Bupati yang akrab disapa Mas Ipin ini juga mengucapkan terima kasih kepada BPJS Ketenagakerjaan atas santuan yang diberikan. Untuk itu, ia mengajak seluruh warga agar menjadi peserta BPJS Ketenagakerjaan.
"Saya juga mengajak seluruh warga untuk juga ikut mendaftarkan kepesertaan BPJS Ketenagakerjaan sehingga bisa memproteksi keluarganya dari hal-hal yang tidak bisa diprediksi di dunia kerja," tandasnya.
Baca juga: Penerima BSU BPJS Ketenagakerjaan September 2025: Syarat dan Cara Cek
Sementara itu, Kepala BPJS Ketenagakerjaan Kabupaten Trenggalek, Adi Wibowo menyatakan, iuruan kepesertaan korban dibayarkan oleh Pemerintah Kabupaten Trengalek, lewat bantuan iuran melalui dana DBHCHT, khusus bagi pekerja rentan.
Salah satu manfaat yang didapatkan oleh ahli waris adalah memperoleh total manfaat sebesar Rp 223 juta.
"Angka ini dengan rincian santunan akibat kecelakaan kerja sebesar Rp 70 juta. Kemudian beasiswa kepada anak masing-masing Rp 66 juta dan Rp 87 juta," jelasnya.
Untuk beasiswa Rp 66 juta, kata Adi Wibowo, diberikan sejak SMA hingga kuliah, sedangkan beasiswa Rp 87 juta mulai diberikan dari TK hingga perguruan tinggi.
Semua itu diperoleh dengan besaran iuran yang dibiayai oleh Pemkab Trenggalek sebesar Rp 16.800 per bulan.

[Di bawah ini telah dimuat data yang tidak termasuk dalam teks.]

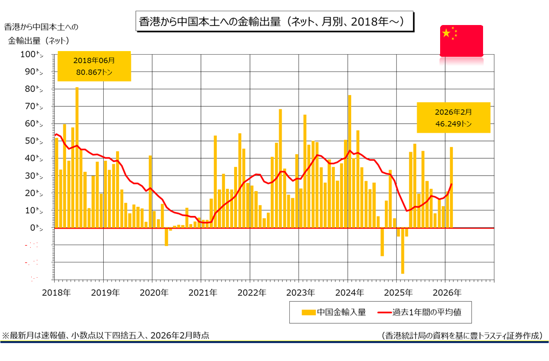 香港政府統計局の発表によると、2月に香港経由で中国が輸入した金輸入量(ネット)は46.249トンでした。前月(20.585トン)を上回り、昨年5月(48.127トン)以来9ヶ月ぶり高水準となっております(前年同月はマイナス26.398トン)。2026年1-2月期累計は66.834トン(前年同期はマイナス31.277トン)。
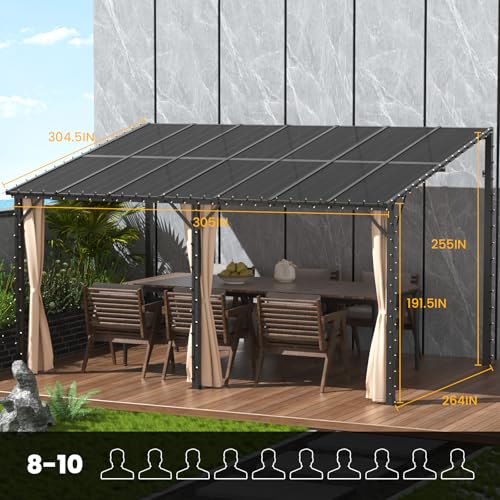 ?Wide Usage?The outdoor gazebo can be used for various purposes like hosting outdoor gatherings, using as a creative studio or simply as a quiet retreat for relaxation and contemplation, Its 120sq.ft of coverage helps protect friends and family from the harsh sun and inclement weather.This pergola is perfect for backyard,patio,lawn,courtyard,and other outdoor situations.
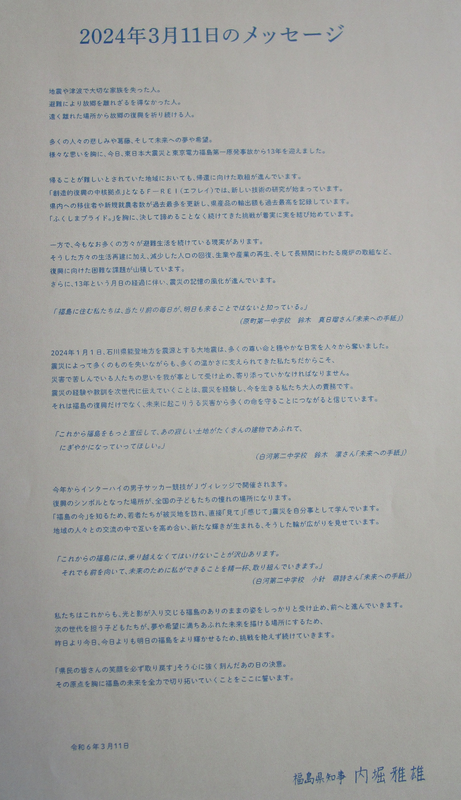 また、昼の放送では、校長先生が知事からのメッセージを読み上げ、東日本大震災にかかわるお話がありました。
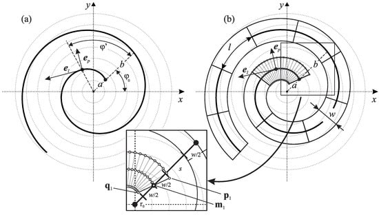 The locations of points , and at the start of the spiral are shown in the enlarged inset region in Figure 1b (they are denoted as and ). The distance between p and q is always equal to the width of the spiral segment, and the line that connects the two points is always perpendicular to the curve.

"Beasiswa kepada anak akan diserahkan setiap kenaikan kelas. Jadi pihak ahli waris nanti menunjukkan bukti kenaikan kelas kepada kami, kemudian akan segera kami transfer ke rekening yang bersangkutan. Jadi setiap tahun akan ditransfer untuk beasiswa anak," kata Adi Wibowo dalam siaran persnya,
Baca juga: Peserta Aktif BPJS Ketenagakerjaan Susut, PHK Sentuh 44 Ribu Orang
Terkait risiko yang dikover oleh BPJS Ketenagakerjaan, Adi Wibowo mengatakan, pihaknya selalu bersinergi dengan Pemkab Trenggalek untuk melakukan sosialisasi kepada masyarakat.
Ia mengatakan, apapun pekerjaannya, peserta BPJS Ketenagakerjaan berhak mendapatkan perlindungan. Dengan biaya layanan kesehatan cukup mahal, kehadiran BPJS Ketenagakerjaan diharapkan tidak menjadi beban pribadi bagi pekerja.
"Yang terpenting manfaat yang disiapkan negara melalui BPJS Ketenagakerjaan ini, jangan sampai si pencari nafkah mengalami resiko meninggal yang mengakibatkan hidup menjadi kemiskinan baru muncul," kata Adi WIbowo.
"Selain itu juga, jangan sampai anak-anaknya dengan kejadian itu meninggal masa depan pendidikannya. Negara sudah mempersiapkan segala macam program dalam bentuk perlindungan, jangan sampai terlewatkan," ujarnya.